Und die Frage, die in der Schweiz zuerst kommt: Wo liegen die Daten? Sie entscheiden das. projectfacts läuft On-Premises in dem Rechenzentrum, das Sie aussuchen, auch in einem Schweizer, und die Betreuung übernehmen wir über eine jährliche Pauschale.

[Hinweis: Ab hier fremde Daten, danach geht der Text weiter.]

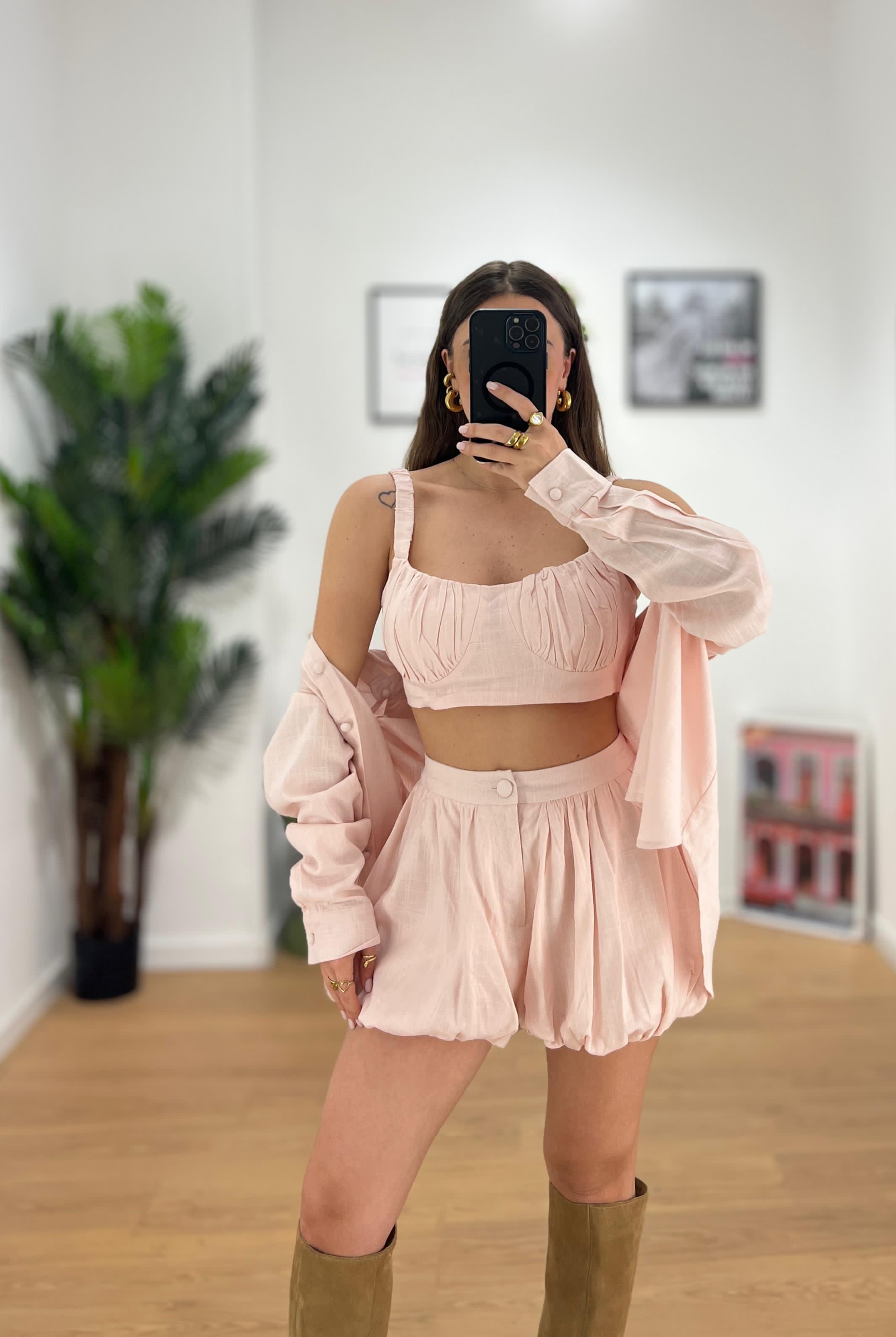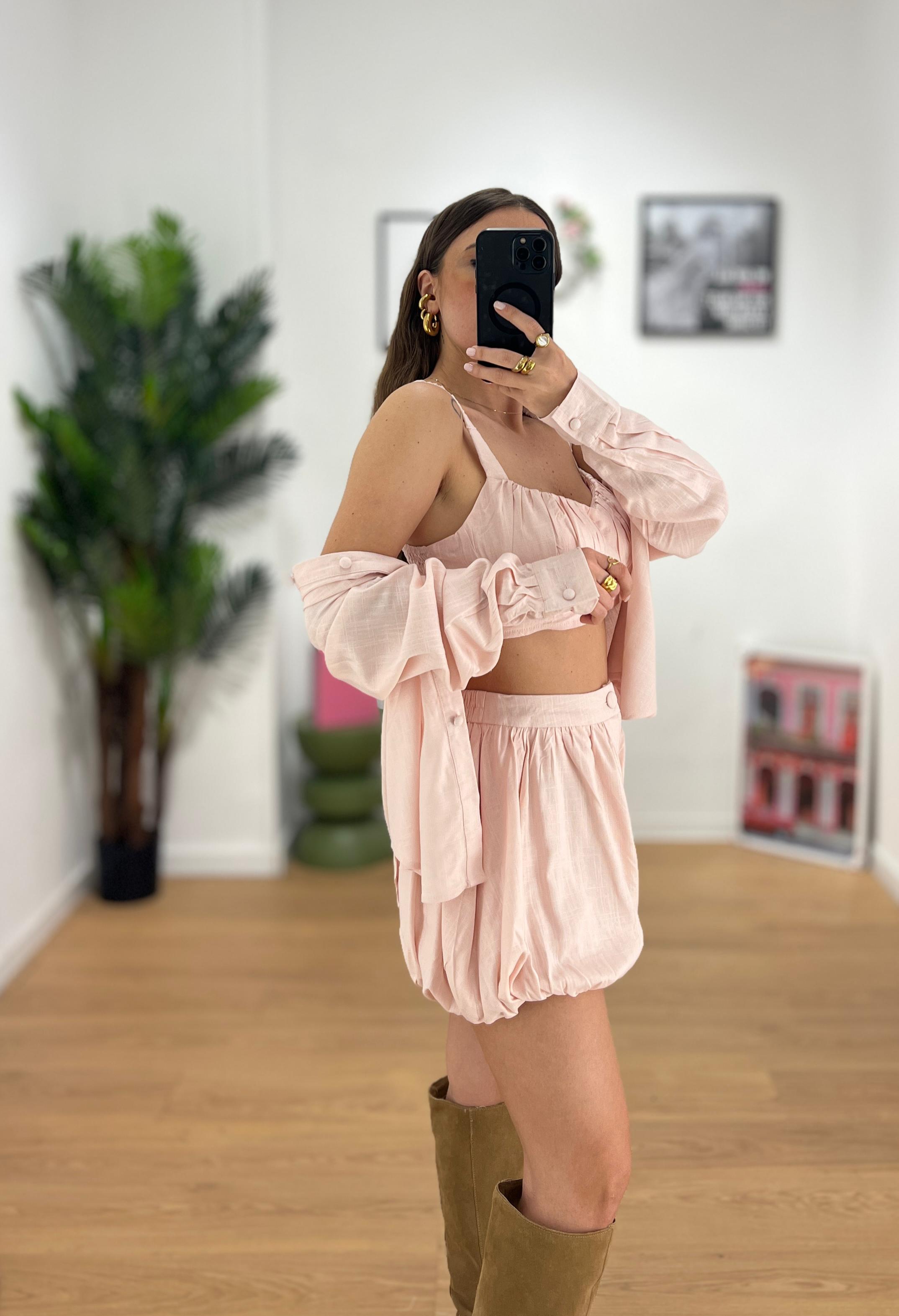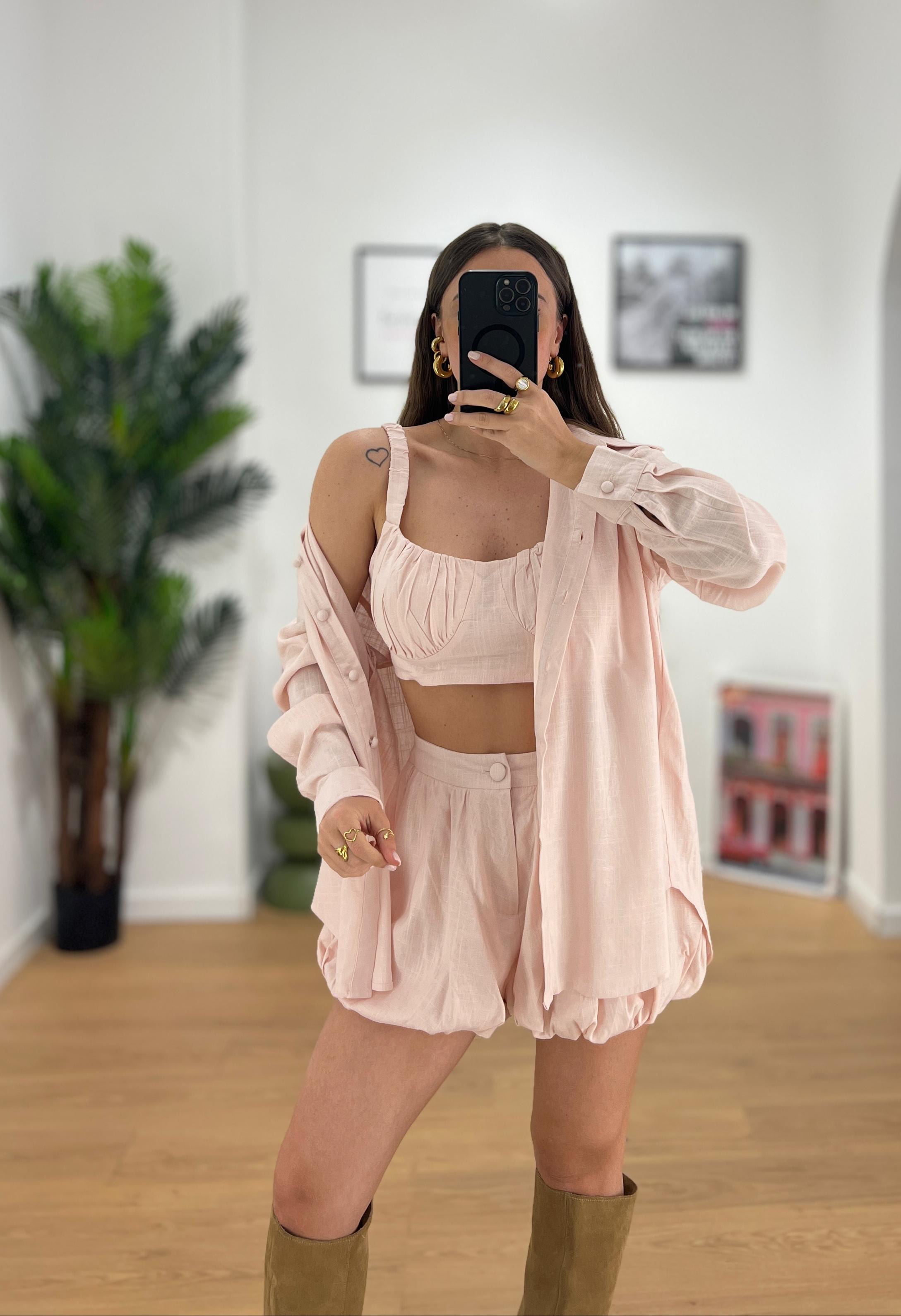 Coordinato da donna top quality in misto Lino composto da camicia con bottoncini rivestiti, top e shorts a palloncino con elastico sul retro ma ceTe regolarmente la propria taglia e Giusy indossa taglia S/M

Diese Seite sammelt, was projectfacts für den Schweizer Fall mitbringt. Den Überblick über alle Länder finden Sie unter Internationalisierung.
Rechnungen und Zahlteil
In der Schweiz hängt an der Rechnung mehr als der Betrag: der Zahlteil, das Zahlenformat und die Rundung müssen stimmen.
Swiss QR-Code
Auf Wunsch wird mit jeder Rechnung automatisch ein Zahlcode erzeugt, für den Euroraum als GiroCode und für die Schweiz als Swiss QR-Code, also der Zahlteil, den Ihre Kunden von der QR-Rechnung kennen. Ihre Kunden scannen die Rechnung, die Überweisungsdaten füllen sich von selbst und müssen nur noch freigegeben werden. Bei der Einrichtung unterstützen Sie unsere Berater.
Rundung auf 5 Rappen
Für die Belegerstellung definieren Sie eine kleinste Währungseinheit. Für die Schweiz stellen Sie damit die Rundung auf 5 Rappen ein, ohne dass jemand am Ende von Hand nachrechnet.
Schweizer Zahlenformat
Fliesskommazahlen respektieren das Schweizer Zahlenformat: Apostroph als Tausendertrennzeichen, Punkt vor den Rappen. Auf der Offerte steht damit CHF 1'250.00 und nicht die deutsche Schreibweise 1.250,00.
Fremdwährung
Beträge weisen Sie in Fremdwährung aus, Kosten werden umgerechnet. Franken und Euro stehen damit nebeneinander, ohne getrennte Systeme.
Export in die EU: ein Angebot, mehrere Märkte
Kaum ein Schweizer Unternehmen verkauft nur in der Schweiz. Der Weg in die EU führt über Offerten in fremder Währung und fremder Sprache, und die Schweiz selbst ist ja bereits mehrsprachig.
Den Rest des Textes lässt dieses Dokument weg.